The gonzo journalist who forever changed political campaign coverage
by Jason Vest
It was presidential campaign reporting unlike anything seen before. The reporter made it clear: He had no desire to join the permanent Washington press corps, or ever cover politics full time, and indeed he never did. He was contemptuous of Democratic centrists and unabashed about a sitting Republican president’s depravity, and said so in prose that sounded like a punch-drunk H.L. Mencken spoiling for a bar fight. (“A treacherous, gutless old wardheeler who should be put in a goddamn bottle and sent out with the Japanese current,” he said of Dem presidential aspirant Hubert Humphrey. And the incumbent in the White House? “A drooling red-eyed beast with the legs of a man and the head of giant hyena … the dark, venal and incurably violent side of the American character that almost every country in the world has learned to fear and despise.”)
This is the unmistakable prose of the late Hunter S. Thompson, who had high hopes that a one-off gig covering national politics 50 years ago — really a sop from his editor at a music magazine — might help him go from journalist to novelist. He already had two nonfiction bestsellers under his belt, one of which he’d reported out over years as an embed, covering an outfit at least as amoral as any in Washington: the Hell’s Angels.
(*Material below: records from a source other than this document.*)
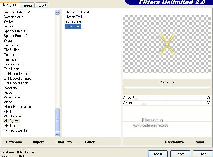 Effetti>Plugins>Filters Unlimited 2.0 - VM Stylize - Zoom blur, con i settaggi standard.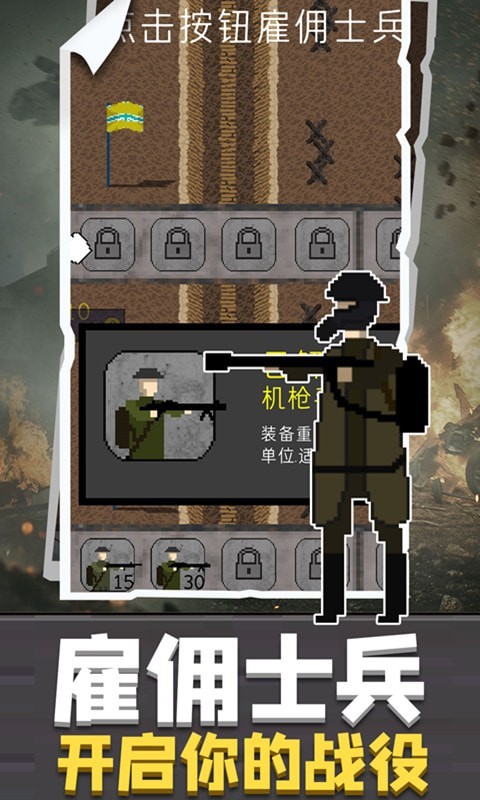 在游戏中玩家雇佣不同的大兵射击,抵御敌人的攻击。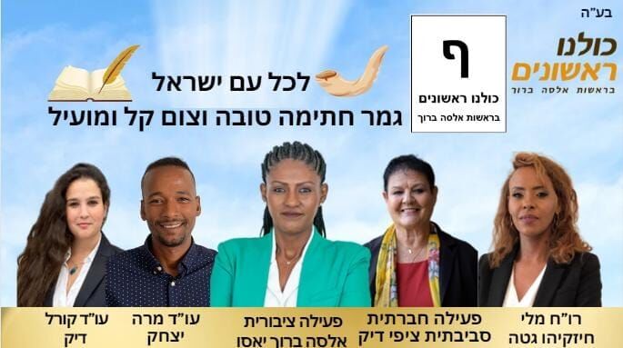 אלסה ברוך מציגה את רשימת "כולנו ראשונים": 1. אלסה ברוך 2. ציפי דיק 3. עו"ד מרה יצחק 4. רו"ח מלי חזקיהו 5. עו"ד קורל דיק 6. אורן קאשי .7. שאוליאן יעקב 8. גזאצ'ו סנבתו 9. משה ברוך 10. צביקה קוזלובסקי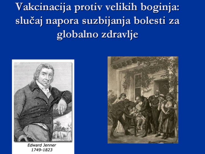 Historija o epidemiji velikih boginja i uspješnom iskorjenjavanju ove bolesti je uspješna priča koju trebaju slijediti savremeni kliničari i javnozdravstveni profesionalci. Milioni ljudi su umrli u Evropi i Meksiku kao rezultat širenja epidemije velikih boginja. Nestanak velikih boginja započinje nakon saznanja da su osobe koje su preživjele bolest sticale trajni imunitet za ovo obolenje. To stajalište uvodi u praksu “variolaciju”- proces izlaganja zdravih osoba infektivnom materijalu sa osoba oboljelih od velikih boginja. Vjerovalo se da umjeren stadijum bolesti izazvan ovim postupkom predviđa stečeni imunitet za buduću infekciju. Slijedeći korak u suzbijanju velikih boginja dogodio se observacijom Engleskog ljekara Edward-a Jenner-a, koji je otkrio kravlje boginje, manje ozbiljnu bolest mljekarica jer nije bio otkriven smrtonosni slučaj kravljih boginja. Jenner je 1796. godine uzeo tečni sadržaj pustule s ruke oboljele od kravljih boginja mljekarice i inolulirao je 8- godišnjem dječaku. Nakon 6 sedmica dječak je bio izložen velikim boginjama, ali nije imao nijedan simptom ove bolesti. Jenner je sadržaju pustule kravljih boginja dao termin "vakcina" nastalu od riječi “vaca" koji znači “krava” na Latinskom.

But if the Washington political establishment, including the press, thought the assignment was going to merit only a couple of magazine pieces, they had another thing coming. Thompson influenced a new generation of political correspondents, says Peter Richardson, author of the newly published “Savage Journey: Hunter S. Thompson and the Weird Road to Gonzo,” a consideration of Thompson’s literary influences and influence.